» Instructions for the task
Go through the records below and report each line with "Arte" in it.

» Data

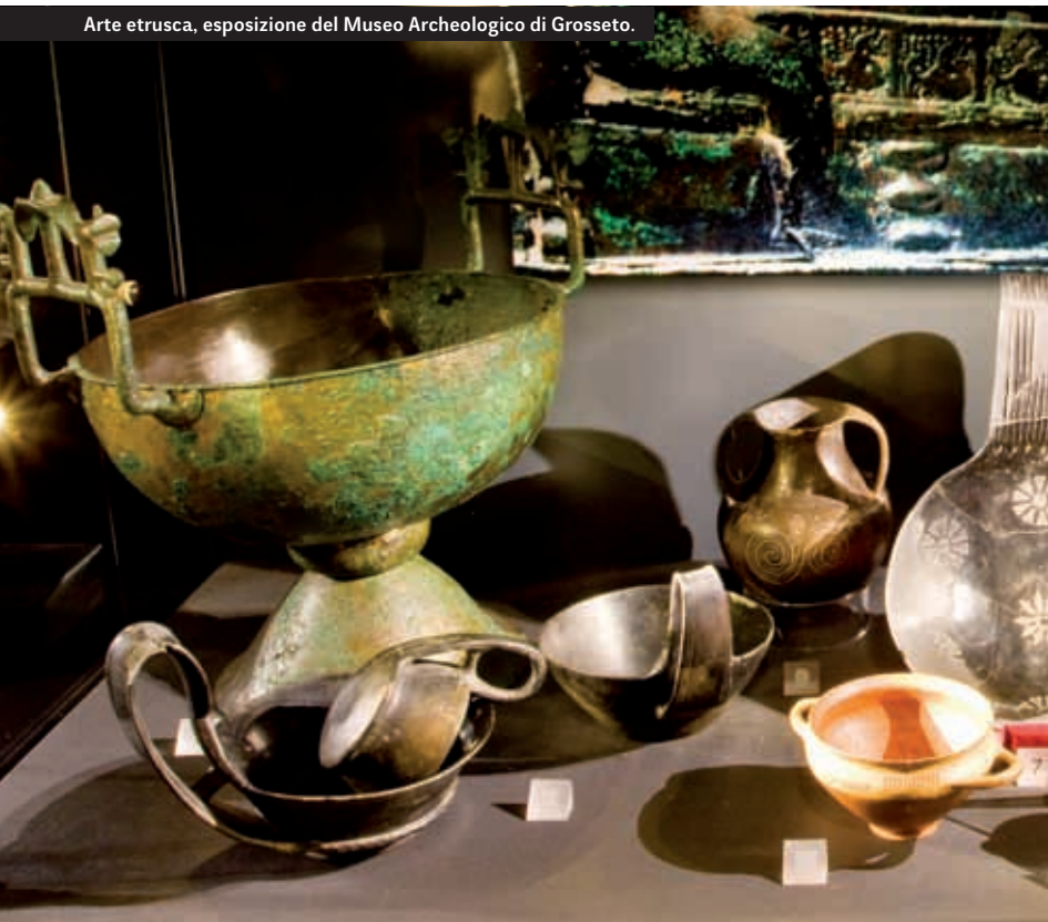
Arte etrusca, esposizione del Museo Archeologico di Grosseto.

Una frattura considerevole si ebbe agli inizi del III secolo a.C., quando Roma conquistò alcune delle città più attive dal punto di vista artistico. Nelle città più a settentrione, dove la conquista romana avvenne in modo meno traumatico, assunse importanza la produzione di urne cinerarie di Volterra, Chiusi e Perugia. Arte raffinata e diffusa in tutti i settori, fu la bronzistica, che dovevano realizzare con particolari processi di fusione.
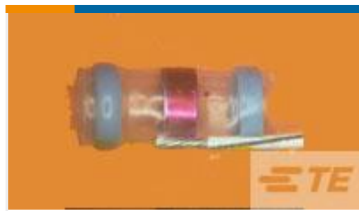
TE 产品编号942147N002 S02-10-R-5CS816
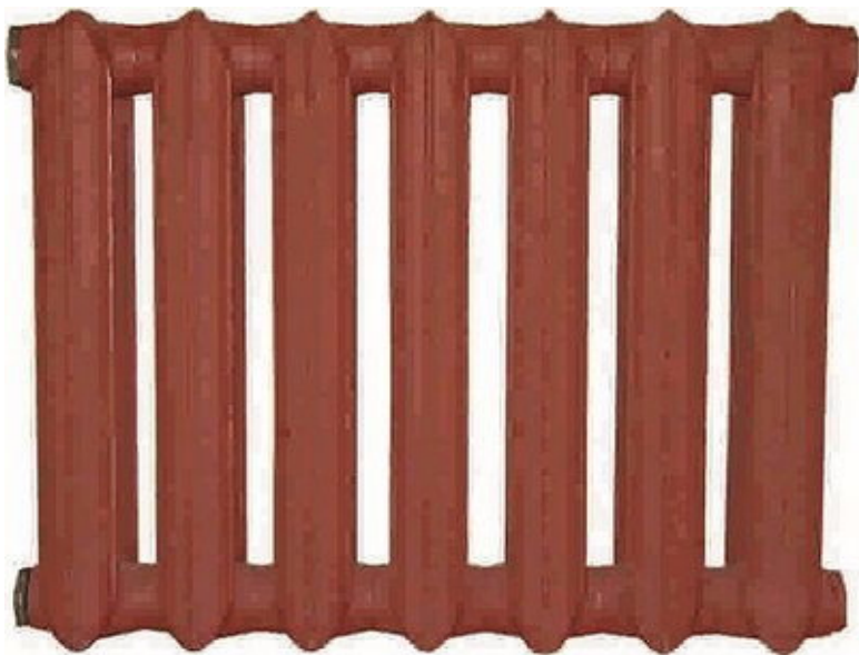
«Классика жанра»: модель MC-140-500

Между собой секции (или блоки) соединяются с помощью резьбовых nipples, которые, как и сами секции, имеют с одной стороны правую резьбу, с другой – левую.
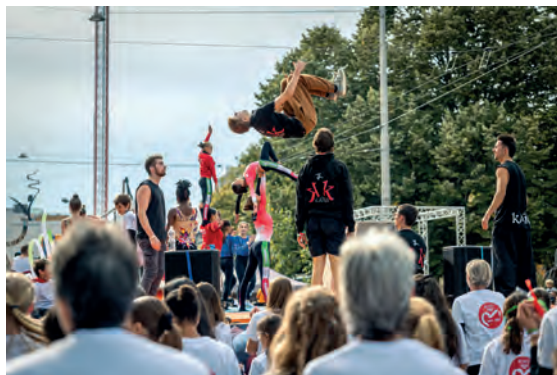
Que d'acrobaties sur ce char !
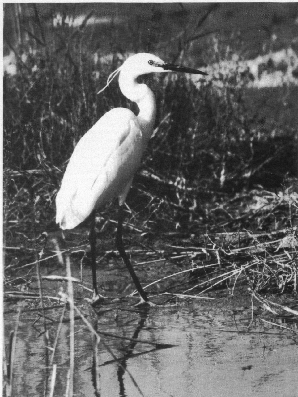
De veronderstelling ligt voor de hand dat de 'witten reyghers' en 'witsvogels' uit het Goudsche Bosch Kleine Zilverreigers zijn geweest.

■ Dr. A. Scheygrond, Van Itersonlaan 7, 2806 DD Gouda.
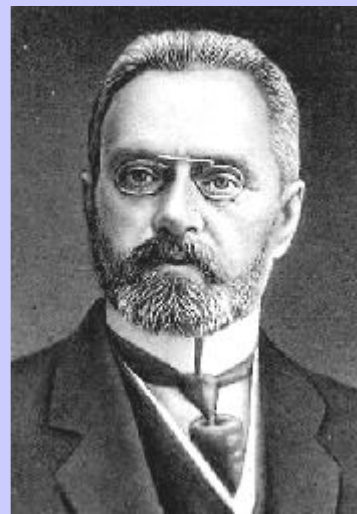
П.Н.Миллюков и А.И.Гучков

Кадеты опирались в основном на интеллигенцию. В это же время возник «Союз 17 октября» (А.И.Гучков). Октябристы добивались единства России, неприкосновенности частной собственности, уравнивания крестьян в правах с др. сословиями, наделение их участками за счет продажи государственных земель, ограничение стачек и введение рабочего законодательства. Октябристы опирались на крупную буржуазию и поме-
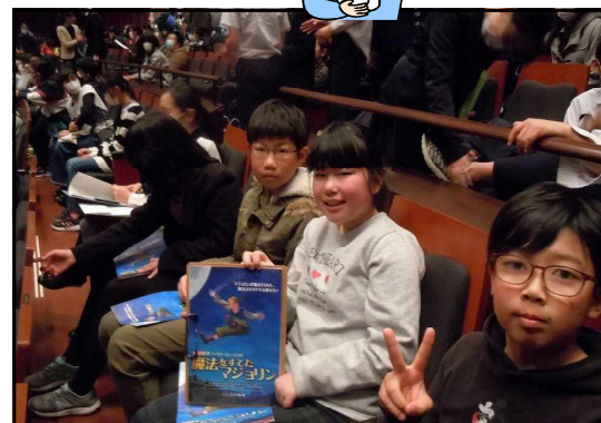
<ドキドキ開演5分前!>

また、まだ避難生活を余儀なくされたり、ふるさとに帰ることができずにいたりする子ども達がいることについても、対岸の火事とせず、児童に伝えていきたいと思えます。
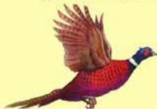
ФАЗАН ЛЕПА ДИВЉА ПТИЦА ИЗ ВРСТЕ ДИВЉЕ КОКЕ

ФРУЛА ЈЕ НАЈСТАРИЈИ ИНСТРУМЕНТ НА СВЕТУ НАРОЧИТО СУ ГА СВИРАЛИ ЧОБАНИ ДОК СУ ЧУВАЛИ ОВЦЕ
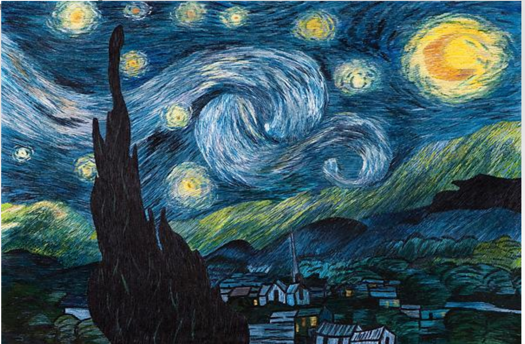
별이 빛나는 밤에-고흐
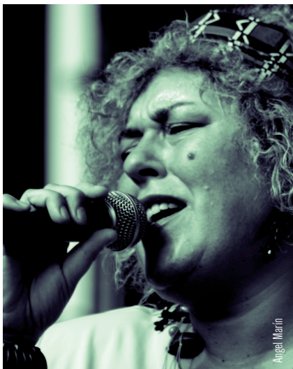
Big Mama & The Crazy Blues Band actuaran el 15 de febrer.

Les entrades es posen a la venda a partir de 4 de febrer a Can Lleonart.
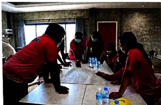
แบ่งกลุ่มฝึกปฏิบัติเกี่ยวกับกระบวนการ “ชุมชนการเรียนรู้ทางวิชาชีพ (Professional Learning Community : PLC)”
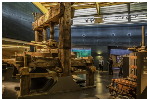
27 2e salle Pressoirs 1bis 070516.jpg
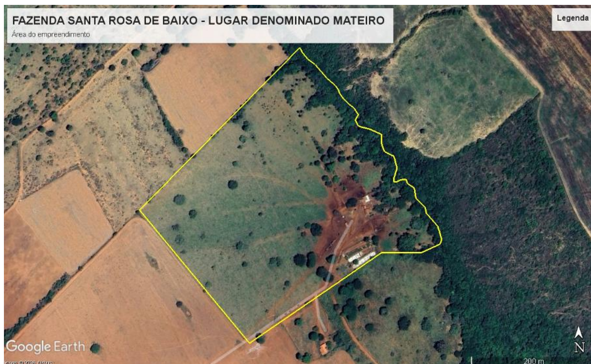
Figura 1– Imagem aérea do empreendimento.

O empreendimento Fazenda Santa Rosa de Baixo lugar denominado “Mateiro”, está situado na zona rural do município de Coromandel – MG, tendo como pontos de referência as coordenadas geográficas 267756| 7933868, Datum WGS84.
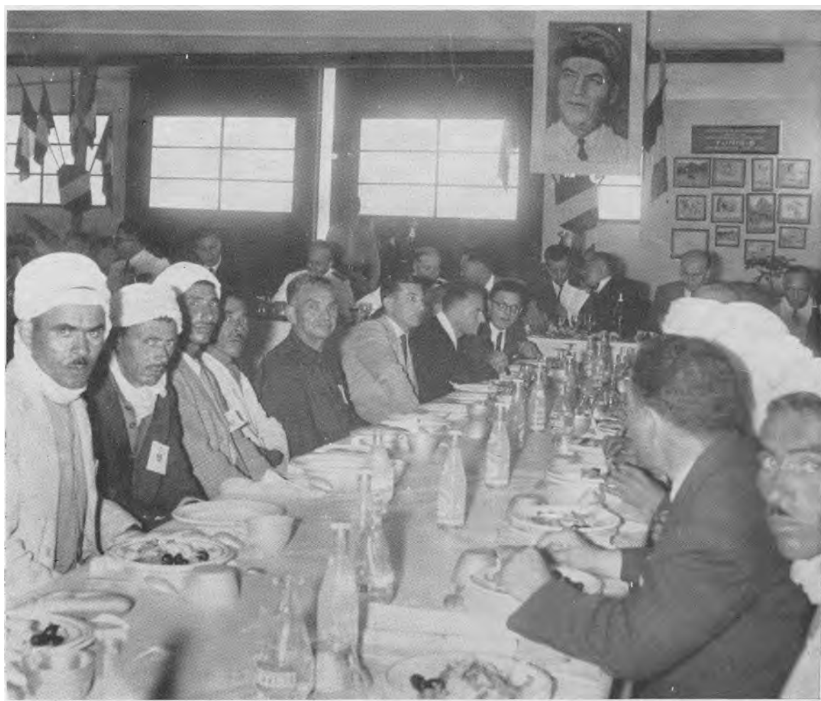
• Une table, du couscous monstre de près de 2.000 couverts. Les convives sont fraternellement mélangés.
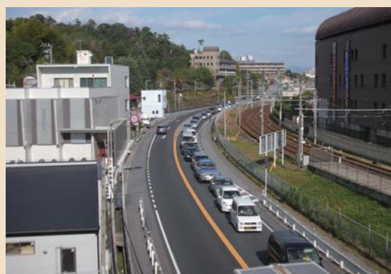
宮島口付近(廿日市市)渋滞状況
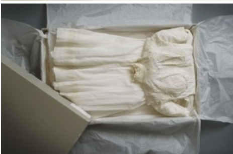
Damenkleid mit Stickereien, 1900-1910. "100 Shades of White. Eine Farbe in Mode", Eine Ausstellung im Textilmuseum St.Gallen, 3.3.-10.9.2023
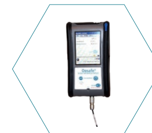
Анализатор Oosafe® с программным обеспечением WolfSense OOANA-W01
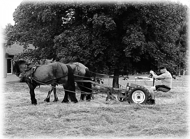
Sigvard och hans pojkar
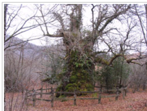
Roble de Jaunsarats.

Las personas interesadas en obtener más información o inscribirse en las actividades del programa, todas gratuitas, pueden llamar al teléfono 848 42 61 26, en horario de 10 a 14 horas, o dirigirse a las direcciones de correo electrónico participacion.ambiental@navarra.es o ingurune.partaidetza@navarra.es . Se debe facilitar el nombre de las personas que deseen participar y un número de teléfono o mail de
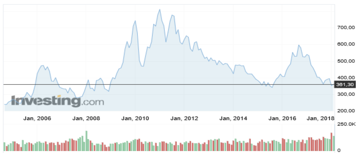
Wykres 3. Ceny cukru 2006 - 2018 r. (London Sugar No. 5, USD/t, cukier biały)
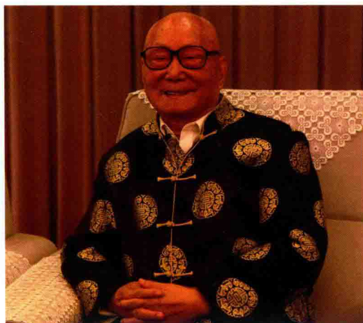
▲2015年9月颜正华教授于政协礼堂

» Reply
Arte etrusca, esposizione del Museo Archeologico di Grosseto.
Una frattura considerevole si ebbe agli inizi del III secolo a.C., quando Roma conquistò alcune delle città più attive dal punto di vista artistico. Nelle città più a settentrione, dove la conquista romana avvenne in modo meno traumatico, assunse importanza la produzione di urne cinerarie di Volterra, Chiusi e Perugia. Arte raffinata e diffusa in tutti i settori, fu la bronzistica, che dovevano realizzare con particolari processi di fusione.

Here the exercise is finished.